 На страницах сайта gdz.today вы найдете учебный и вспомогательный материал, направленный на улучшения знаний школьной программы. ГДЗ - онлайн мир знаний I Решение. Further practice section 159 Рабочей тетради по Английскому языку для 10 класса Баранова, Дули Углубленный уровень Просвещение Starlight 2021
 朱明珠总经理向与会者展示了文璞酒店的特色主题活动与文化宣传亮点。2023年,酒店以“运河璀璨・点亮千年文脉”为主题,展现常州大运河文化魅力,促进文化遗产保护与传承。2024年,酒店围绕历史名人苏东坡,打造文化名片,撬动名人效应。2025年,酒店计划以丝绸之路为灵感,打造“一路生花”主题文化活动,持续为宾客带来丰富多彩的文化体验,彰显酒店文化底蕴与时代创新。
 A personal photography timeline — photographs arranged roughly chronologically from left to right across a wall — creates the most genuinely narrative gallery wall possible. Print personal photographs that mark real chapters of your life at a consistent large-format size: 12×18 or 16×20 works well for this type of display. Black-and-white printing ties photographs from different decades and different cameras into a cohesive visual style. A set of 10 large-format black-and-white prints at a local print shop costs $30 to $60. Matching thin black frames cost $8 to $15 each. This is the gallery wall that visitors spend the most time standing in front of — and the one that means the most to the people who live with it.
◆ ◆ ◆
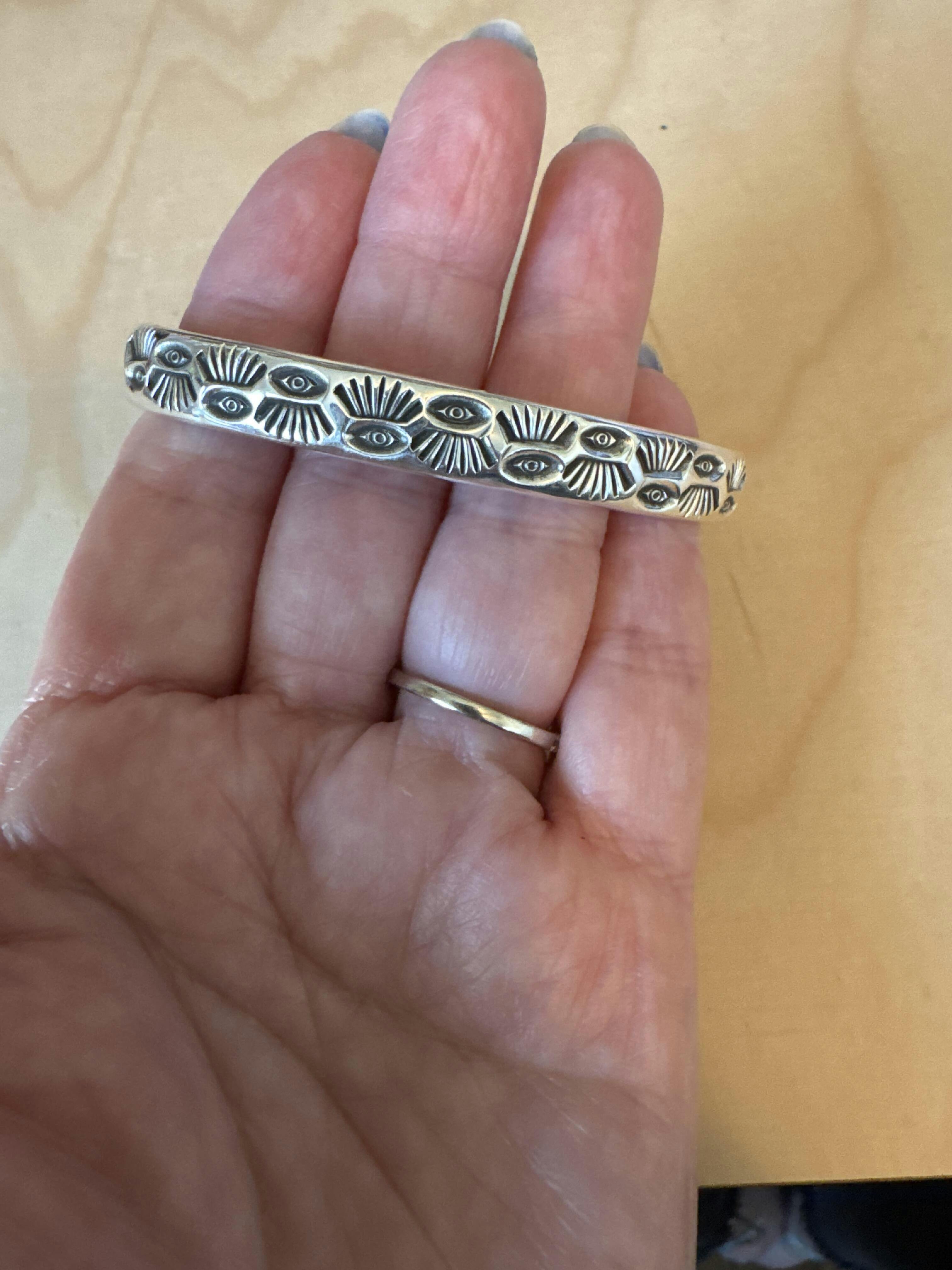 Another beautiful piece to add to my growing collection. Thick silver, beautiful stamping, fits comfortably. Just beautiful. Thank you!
◆ ◆ ◆
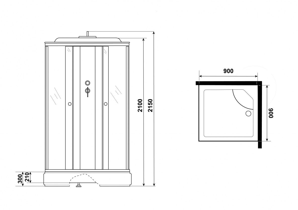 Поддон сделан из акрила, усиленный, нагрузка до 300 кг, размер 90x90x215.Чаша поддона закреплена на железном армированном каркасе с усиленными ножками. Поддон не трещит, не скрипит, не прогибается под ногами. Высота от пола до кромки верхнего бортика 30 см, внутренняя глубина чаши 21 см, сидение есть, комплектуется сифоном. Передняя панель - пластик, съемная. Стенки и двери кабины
◆ ◆ ◆
**Exercise details:** With the first line being the one containing "На страницах сайта" and the last line the one containing "A personal photography", transcribe exactly the lines above that fall in that range.

**Exercise result:**
 На страницах сайта gdz.today вы найдете учебный и вспомогательный материал, направленный на улучшения знаний школьной программы. ГДЗ - онлайн мир знаний I Решение. Further practice section 159 Рабочей тетради по Английскому языку для 10 класса Баранова, Дули Углубленный уровень Просвещение Starlight 2021
 朱明珠总经理向与会者展示了文璞酒店的特色主题活动与文化宣传亮点。2023年,酒店以“运河璀璨・点亮千年文脉”为主题,展现常州大运河文化魅力,促进文化遗产保护与传承。2024年,酒店围绕历史名人苏东坡,打造文化名片,撬动名人效应。2025年,酒店计划以丝绸之路为灵感,打造“一路生花”主题文化活动,持续为宾客带来丰富多彩的文化体验,彰显酒店文化底蕴与时代创新。
 A personal photography timeline — photographs arranged roughly chronologically from left to right across a wall — creates the most genuinely narrative gallery wall possible. Print personal photographs that mark real chapters of your life at a consistent large-format size: 12×18 or 16×20 works well for this type of display. Black-and-white printing ties photographs from different decades and different cameras into a cohesive visual style. A set of 10 large-format black-and-white prints at a local print shop costs $30 to $60. Matching thin black frames cost $8 to $15 each. This is the gallery wall that visitors spend the most time standing in front of — and the one that means the most to the people who live with it.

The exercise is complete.